L’actualité ne déçoit jamais en termes de polémiques saugrenues. Mais celle qui nous intéresse aujourd’hui pourrait bien se faire décerner la palme du genre. Tout part d’un communiqué de l’énigmatique Société universelle d’hindouisme, basée dans le Nevada, aux États-Unis. Par la voix de son président, Rajan Zed, cette organisation appelle les dirigeants de la chaîne helvétique de restauration rapide Holy Cow à revoir le nom de leur entreprise.

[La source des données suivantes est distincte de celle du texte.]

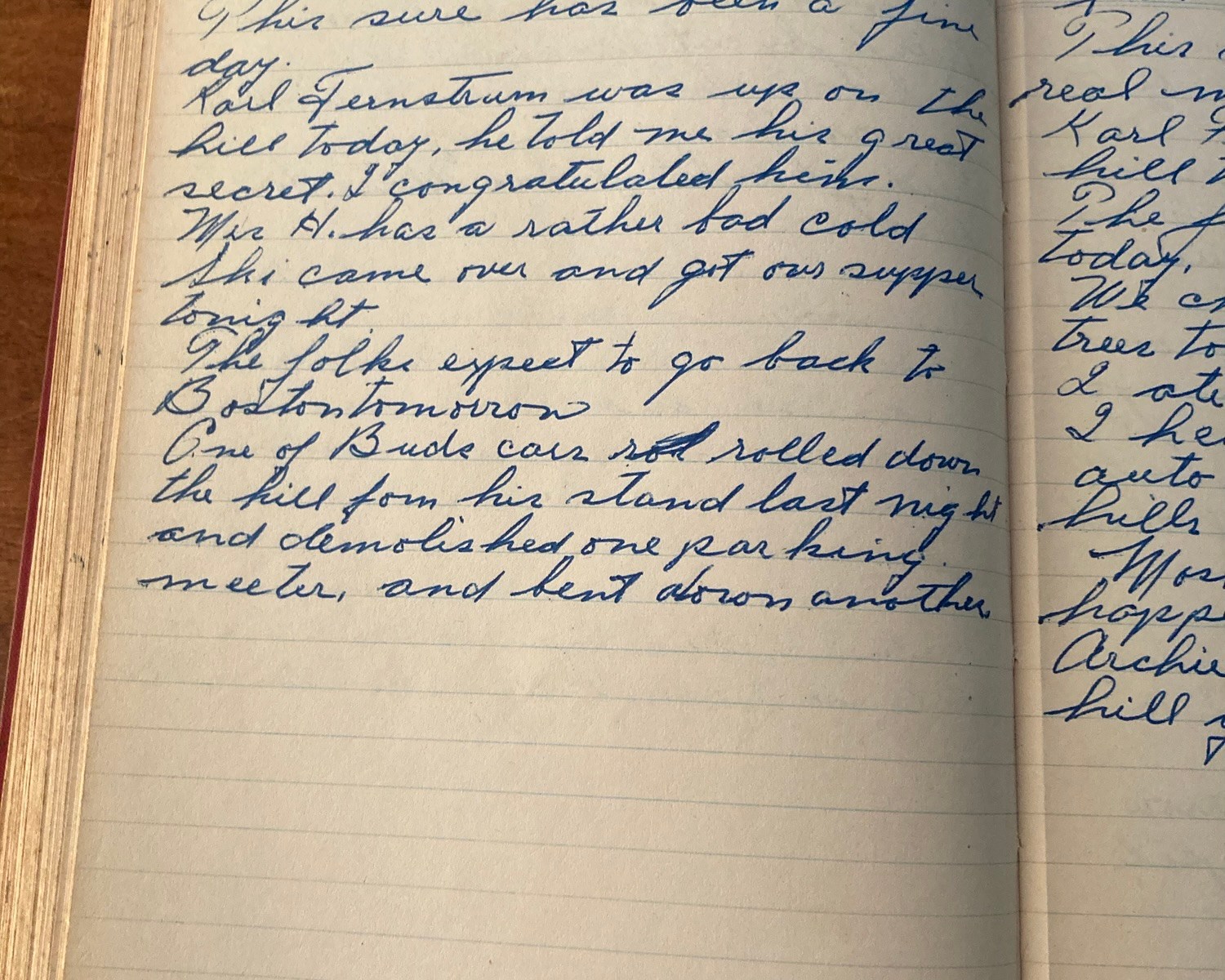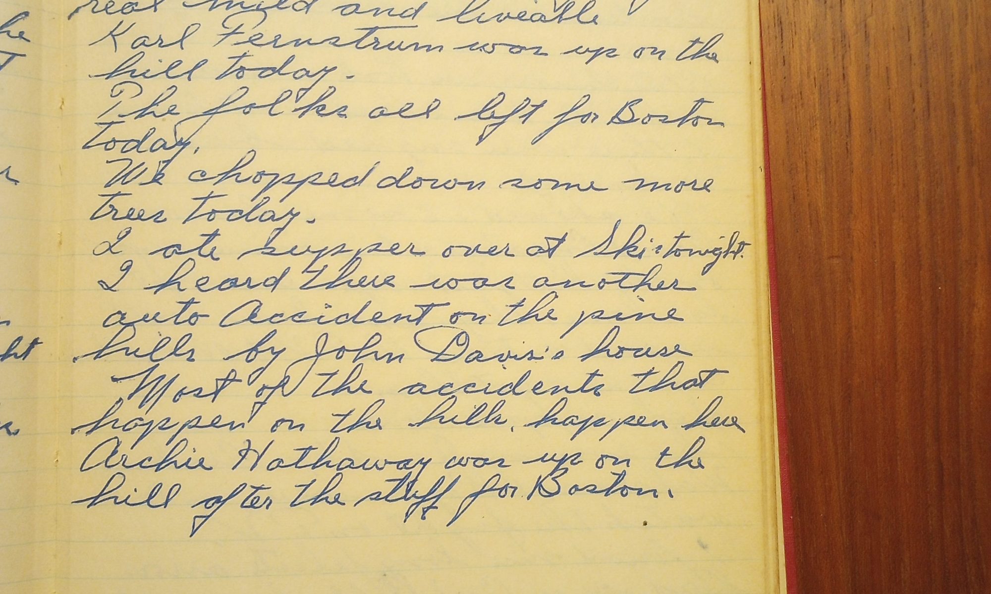 335th day- 30 days follow Fair + Warm This sure has been a fine fall. Real mild and liveable. Karl Fernstrum was up on the hill today The folks all left for Boston today. We chopped down some more trees today. Ate supper over at Ski’s tonight. I heard there was another auto accident on …

La raison? Ses membres s’indignent que des hamburgers au bœuf soient vendus dans un restaurant portant le nom de «vache sacrée», un animal qui représente pour eux la sacralité de toutes les créatures et qu’ils refusent de manger, résume le «Quotidien jurassien».
À lire aussi
L’histoire ne dit pas comment cette société, sise au pays de l’élevage intensif et du bœuf aux hormones, est tombée sur les 17 restaurants — entre Lausanne, Genève, Bâle ou encore Zurich — qui font de l’approvisionnement local de qualité un argument marketing. Mais une chose est sûre: depuis qu’elle connaît le nom de Holy Cow, elle voit rouge.
«La foi est quelque chose de sacré»
«Les chaînes de restaurants ne devraient pas faire d’appropriation religieuse, commettre de sacrilège et ridiculiser des communautés entières», s’étrangle Rajan Zed. Plus loin dans sa prise de position écrite, il précise sa pensée: «Les hindous étaient pour la liberté d’expression artistique et de parole autant que n’importe qui d’autre, sinon plus. Mais la foi est quelque chose de sacré et les tentatives de la banaliser blessent les dévots.»
À lire aussi
En réalité, le message du religieux n’est pas tout à fait une surprise, puisqu’il est coutumier de ce genre d’intervention. Nos confrères français de Numerama en ont compilé plusieurs. Par exemple? Début 2016, l’homme était intervenu pour dénoncer la Une du magazine «Fortune» montrant un dessin de Jeff Bezos, le patron d’Amazon, sous les traits de Vishnou pour illustrer un reportage sur la conquête de l’Inde par le site d’e-commerce, relevait «Le Monde». Jugée «inconvenante», la couverture lui avait fait dire que «l’usage inapproprié de concepts et de symboles hindous à des fins mercantiles n’était pas acceptable».
Le défenseur zélé de sa foi s’était déjà illustré une année plus tôt en s’attaquant à une chocolaterie basée aux États-Unis. Son tort? La vente de statuettes de Ganesh… en chocolat, notait le «New York Times». Là encore, le retrait du produit avait été demandé. Selon Rajan Zed, ce symbole ne pouvait être que mal perçu par la communauté hindoue puisqu’il est tout à fait inacceptable de «manger» Ganesh.
Les hindous de Suisse restent muets
Et ici? Quid des hindous de Suisse? Partagent-ils l’indignation de l’organisation étasunienne? Hurlent-ils, eux aussi, au blasphème? Difficile de le savoir. Contacté jeudi dernier déjà, le président de l’association du temple hindouiste de Prilly (VD) botte en touche et nous redirige vers la Fédération hindoue de Suisse. On n’y est guère plus loquace. Une personne de contact nous renvoie, le lendemain, vers son fils.
Après discussion, ce dernier ne souhaite pas que son avis personnel soit publié dans les médias. Et nous réoriente à nouveau vers son père, qui n’a toujours pas répondu à nos sollicitations ce lundi, à l’heure où ces lignes sont écrites. En clair: cette controverse met mal à l'aise, même au bord du Léman.
L'entreprise se défend
Holy Cow, de son côté, ne garde pas sa langue dans sa poche. Contactée par Blick, l’entreprise «de caractère laïque» veut tuer les débats dans l’œuf: «La marque trouve son origine dans le langage parlé anglo-saxon et peut être traduite par l’exclamation 'Wow!', notamment tirée de la série TV 'Batman' des années 70 et appréciée du fondateur de Holy Cow», écrit-elle dans un courriel.
Elle développe: «Il s’agit dans le présent d’une expression servant à marquer la surprise et l’étonnement, lorsque l’on se voit servir un burger gourmet. La société Holy Cow respecte scrupuleusement les us et coutumes des lieux où elle est implantée en Suisse.» Conséquence: elle n'entrera pas en matière face à la demande de Rajan Zed. Et tant pis pour son énième communiqué de presse.